Instead of focusing federal policy on procreation, we should be focusing on family-sustaining policies that create meaningful change in people’s lives, no matter what that family looks like.
Being Pro-Birth Is Not Pro-Women or Pro-Family
At the core of these pronatalist ideas is a belief that women’s value to society is to have children and to stick to the unpaid labor of caring for children, elders, and the home.
Women already provide the majority of unpaid family care, whether to children or adults. Mothers spend more time on child care than fathers, and women spend more time caring for household and nonhousehold members than men, even when employed full-time. Nearly 22 million women provide unpaid elder care to loved ones, and more than one-in-five do so while also parenting a child at home.
Rather than being pro-women, this reliance on unpaid care undervalues women’s contributions to society, reduces their earning potential, keeps women economically insecure, and even threatens their health. This also limits the role of fathers to the sidelines, instead of creating family caregiving structures that enable each person to meet their own potential, regardless of gender. Building policy around this narrow view undermines efforts to ensure that all families have the security and resources they need to raise children.
While the United States still has some of the worst maternal mortality rates in the developed world—particularly for Black women—the Trump administration is making it even harder to have a healthy pregnancy in America.
All this unpaid care that women provide means that many women have less time for their own care, education, paid work, and leisure. They experience more stress and stress-related illnesses as a result. Not only are women bearing the brunt of caregiving, they also risk their lives and health when giving birth.

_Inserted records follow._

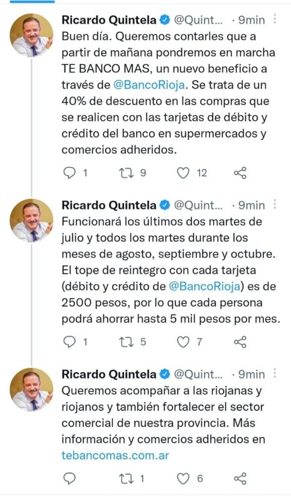 EL GOBERNADOR QUINTELA HIZO UN IMPORTANTE ANUNCIO EN SUS REDES SOCIALES CON NUEVO BENEFICIO PARA TODAS Y TODOS LOS RIOJANOS: “TE BANCO MAS”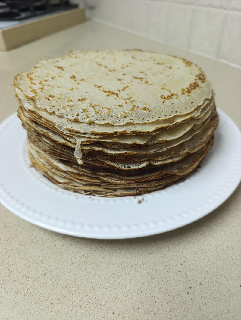 Состав: молоко, мука пшеничная, яйцо, соль и сода пищевая. Цена указана за кг. В 1кг 25 блинчиков.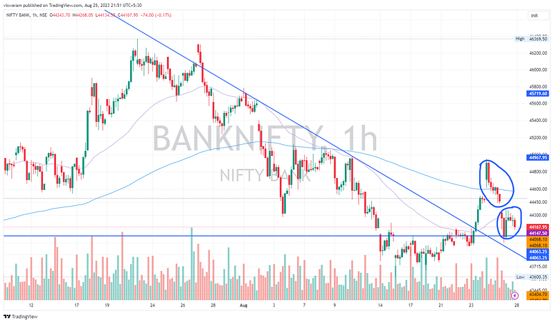 I wish to go 60% neutral and 40% bearish for 28th Aug. If the support falls in the first hour of trade on Monday, I prefer to go all-in for shorts. Only if we take out the 44500 via gap-up then we need to think about a long position.

While the United States still has some of the worst maternal mortality rates in the developed world—particularly for Black women—the Trump administration is making it even harder to have a healthy pregnancy in America. Current threats to Medicaid will have a dramatic impact on women’s health, and most certainly to births, as it covers 40 percent of births in this nation.
The increasing focus on women as childbearers is particularly troubling at a time when the landscape of reproductive health care is rapidly changing. Women’s fear for their own health and their lack of freedom to make their own reproductive decisions is having a chilling effect on women’s willingness to get pregnant. Similarly, maternity care providers are leaving states with abortion bans, worsening the already poor access to medical care in some areas of the country. Attacks on women’s reproductive health, including banning abortion, makes pregnancies less safe. In fact, recent research shows that women are twice as likely to die in pregnancy if they live in a state with an abortion ban.
Further, the Pew Research Center shows that people of reproductive age are thinking twice about having children because they are concerned about the future of the world, the future of the environment, and the future of the economy. Destabilizing the economy has historically led to concerns about the cost of having children, leading to a decline in birth rates.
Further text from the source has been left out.